How to Grow in Holiness
Deepening a love for Jesus through Scripture and Tradition
One summer during priestly formation, I was traveling in West Virginia with the Dominican preaching team there. Somehow I learned that my best friend’s father had died. The man had been very solicitous of me, a kind of surrogate for my own dead father. I wanted to attend his funeral in Chicago but, at the moment, did not have transportation.
The pastor of the parish where we were staying stepped forward to offer me his car. When I hesitated, he told me that the car needed a long stretch on the road. I took it on the more than 1,000-mile trip. Gratefully, it worked fine and was returned within a few days.
My patron’s kindness was more than an act of fraternal charity. It was a demonstration of detachment from material things — a critical step to holiness. When the rich young man of the Gospel asks about gaining eternal life, Jesus tells him to first let go of his riches. In a society where people have more than they use, let alone need, a semblance of poverty serves as an introduction to holiness. Of course, the way to holiness, which here is equated with eternal life, is by following Jesus.

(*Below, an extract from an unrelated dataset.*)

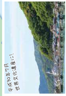
平成30年7月 世界文化遺産に！
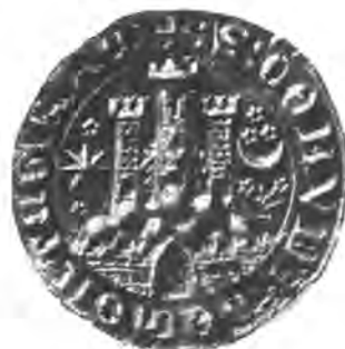
Sl. 91. Veliki pečat grada Zagreba.

Izvorni pečatnik od žute mjedi čuva gradska občina. Još mi je spomenuti, da na izpravama nalazimo još jedan mali pečat zagrebačke občine, okrugao, 28 mm. širok, sa istim nadpisom i figurom, jedino što su kruništa kule uglata, 2 (Sl. 92.) a taj je bez dvojbe stariji od gornjega, i potiče iz XVI. vijeka.

Jesus himself was poor. His impoverishment began at the Incarnation when he stripped himself of deity. Some argue that Jesus was born into an economically stable family and had patrons as an itinerant preacher. Still, he could honestly say that he had no place to lay his head. More than that, he was a poor man because he exposed himself to the disgraces poor people face. As a child, he became a refugee. As an adult, he was continually harassed. Although innocent, he was summarily sentenced and executed.
The term “poverty” is both relative and equivocal. It is hardly the same condition in America as it is in Africa. Most religious in the United States vowing poverty live comfortably. They eat well and have much better-than-average medical coverage. Nevertheless, religious priests can begin to share Jesus’ poverty by making their resources available to the needy. Diocesan priests have long been encouraged to do so.

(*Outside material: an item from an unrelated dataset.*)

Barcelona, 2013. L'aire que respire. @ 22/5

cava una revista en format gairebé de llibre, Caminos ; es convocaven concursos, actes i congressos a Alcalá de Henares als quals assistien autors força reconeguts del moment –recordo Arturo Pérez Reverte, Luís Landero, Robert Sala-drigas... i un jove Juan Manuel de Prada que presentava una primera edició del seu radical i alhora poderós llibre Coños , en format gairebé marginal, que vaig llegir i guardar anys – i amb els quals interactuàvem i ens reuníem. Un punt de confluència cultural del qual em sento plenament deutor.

Quoting another source, Pope Benedict XVI said the Curé of Ars “was rich in giving to others and very poor for himself.” John Vianney’s stance vis-à-vis money conforms to the ideal of the Second Vatican Council. According to the council’s Decree on the Ministry and Life of Priests, priests “are invited to embrace voluntary poverty by which they are more manifestly conformed to Christ and become eager in the sacred ministry” (Presbyterorum Ordinis, No. 17).

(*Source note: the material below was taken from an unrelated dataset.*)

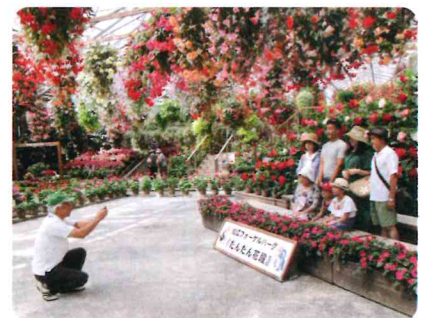
観光客と接することも

そのためには、一人でも多くの方に会員になっていただき、就業を通して充実した人生を送っていただけることを願っております。
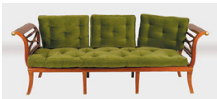
302 CANAPÉ, mogno, assento em palhinha, séc. XIX/XX, pequenos defeitos, pequena falta na palhinha Dim. - 78 x 230 x 70 cm € 600 - 900

Of course, voluntary poverty goes deeper than generosity. It goes without convenience to identify with Jesus hanging on the cross with only a loincloth. Many priests think voluntary poverty is a charism meant for others. Diocesan priests relegate it to religious. Religious see it as peculiar to Franciscans. I once asked a Third Order Regular about poverty in his community. He said that they were not that kind of Franciscans! But we should recognize poverty as a quality of the sanctity of all Christians, especially of priests. St. Oscar Romero forfeited an archbishop’s mansion to live in the chaplain’s quarters of a hospital. Pope Francis offers a similar example.
Loving Jesus Intimately
The path to holiness calls us beyond detachment and generosity. Jesus bids the rich young man to “follow me.” A close following, fervent discipleship cannot but lead to an intimate love of the Lord. He is all-wise and good. Love for him explains priests’ motivation for the acceptance of celibate chastity. Other reasons are often proffered, because in our pragmatic culture they make more sense. Accessibility, dedication to the Church community, disentanglement from questions of inheritance, et al., are proposed. Nevertheless, the most authentic motive for priests to remain celibate is profoundly Christocentric. Like nuns, we want to be wedded to our most gracious Lord. (I owe a debt to Father Boniface Ramsey of New York for many of these insights regarding Christocentric discipleship.)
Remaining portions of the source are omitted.